Data to use

==========

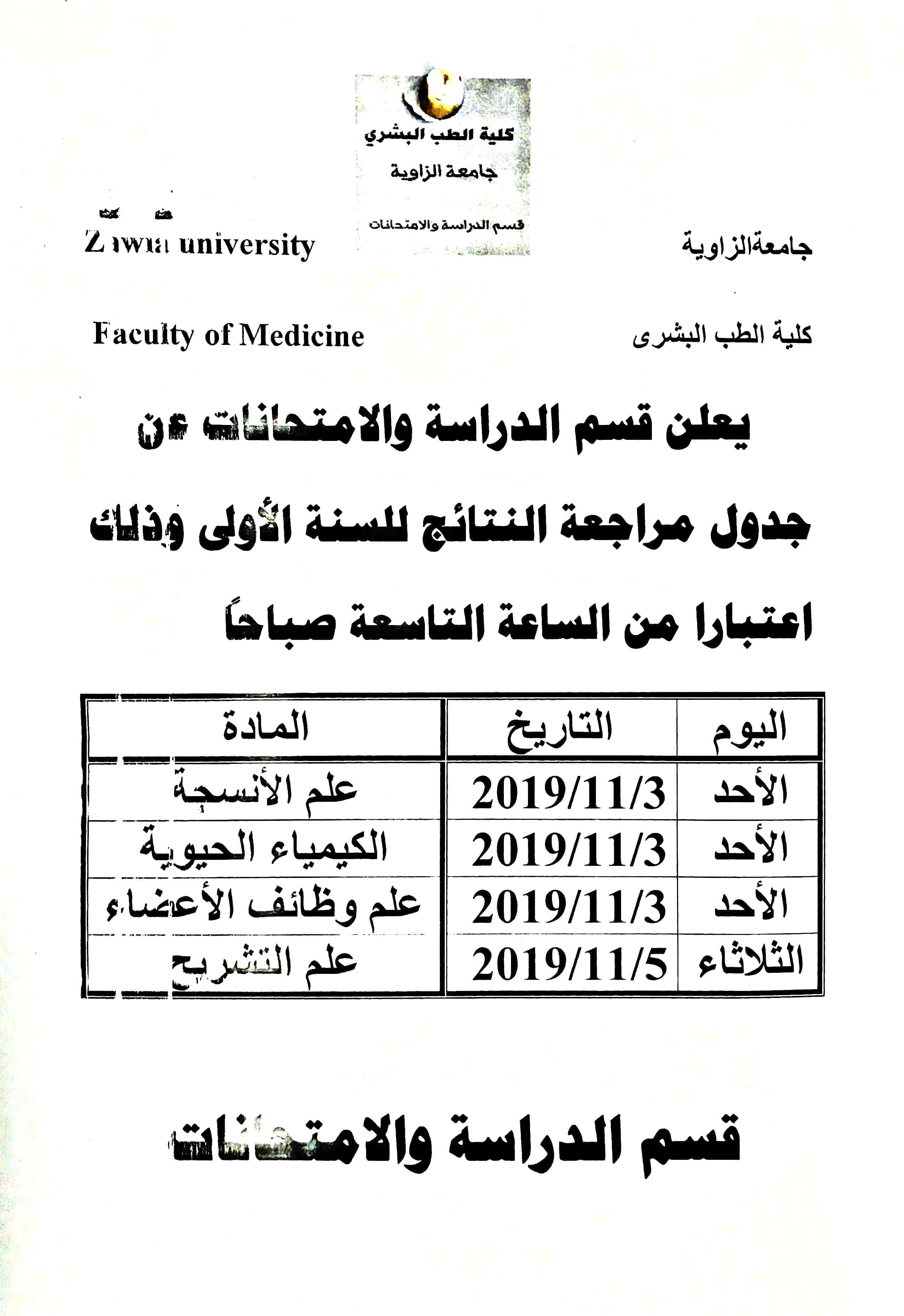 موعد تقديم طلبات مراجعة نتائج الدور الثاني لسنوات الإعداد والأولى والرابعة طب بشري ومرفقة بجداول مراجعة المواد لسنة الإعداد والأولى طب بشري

==========

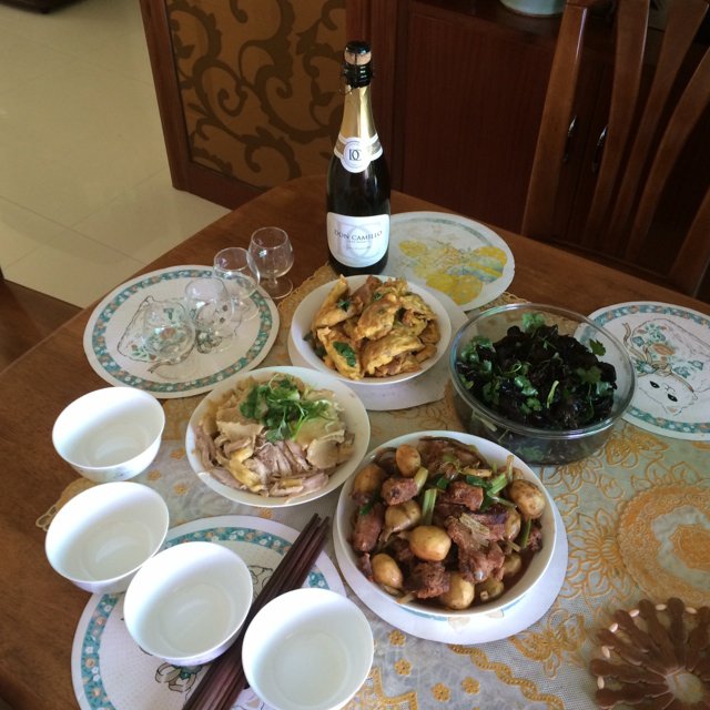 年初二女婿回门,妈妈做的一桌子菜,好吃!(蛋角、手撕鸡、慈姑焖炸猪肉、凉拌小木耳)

==========

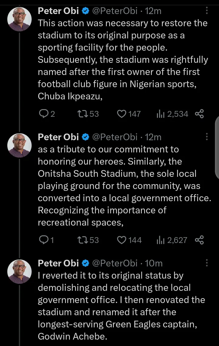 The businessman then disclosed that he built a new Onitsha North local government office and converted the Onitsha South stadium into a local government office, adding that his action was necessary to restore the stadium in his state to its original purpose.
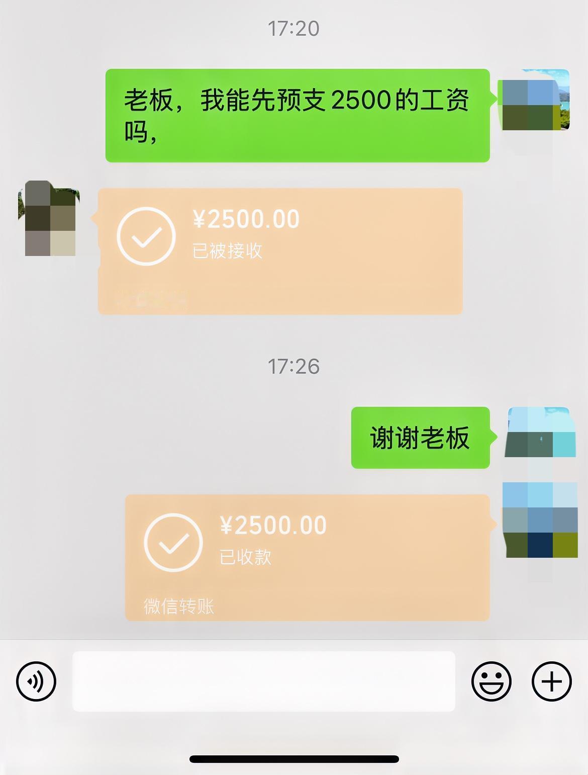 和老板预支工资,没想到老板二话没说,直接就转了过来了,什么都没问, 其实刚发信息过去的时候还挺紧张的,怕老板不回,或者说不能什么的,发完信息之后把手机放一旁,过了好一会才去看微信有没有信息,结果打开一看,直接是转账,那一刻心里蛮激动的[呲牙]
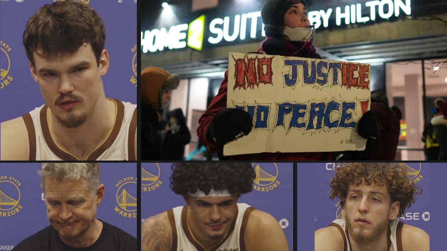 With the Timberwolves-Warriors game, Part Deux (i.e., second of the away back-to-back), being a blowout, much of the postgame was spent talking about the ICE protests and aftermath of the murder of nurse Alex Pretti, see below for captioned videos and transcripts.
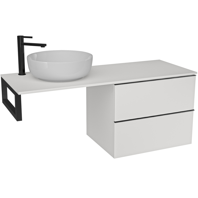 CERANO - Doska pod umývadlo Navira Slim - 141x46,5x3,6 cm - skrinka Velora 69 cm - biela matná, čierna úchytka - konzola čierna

==========

Assigned task
Take the material above and output only the lines from the one that contains "和老板预支工资,没想到老板二" through the one that contains "CERANO - Doska", ends included and images left out.

Solution for this exercise
 和老板预支工资,没想到老板二话没说,直接就转了过来了,什么都没问, 其实刚发信息过去的时候还挺紧张的,怕老板不回,或者说不能什么的,发完信息之后把手机放一旁,过了好一会才去看微信有没有信息,结果打开一看,直接是转账,那一刻心里蛮激动的[呲牙]
 With the Timberwolves-Warriors game, Part Deux (i.e., second of the away back-to-back), being a blowout, much of the postgame was spent talking about the ICE protests and aftermath of the murder of nurse Alex Pretti, see below for captioned videos and transcripts.
 CERANO - Doska pod umývadlo Navira Slim - 141x46,5x3,6 cm - skrinka Velora 69 cm - biela matná, čierna úchytka - konzola čierna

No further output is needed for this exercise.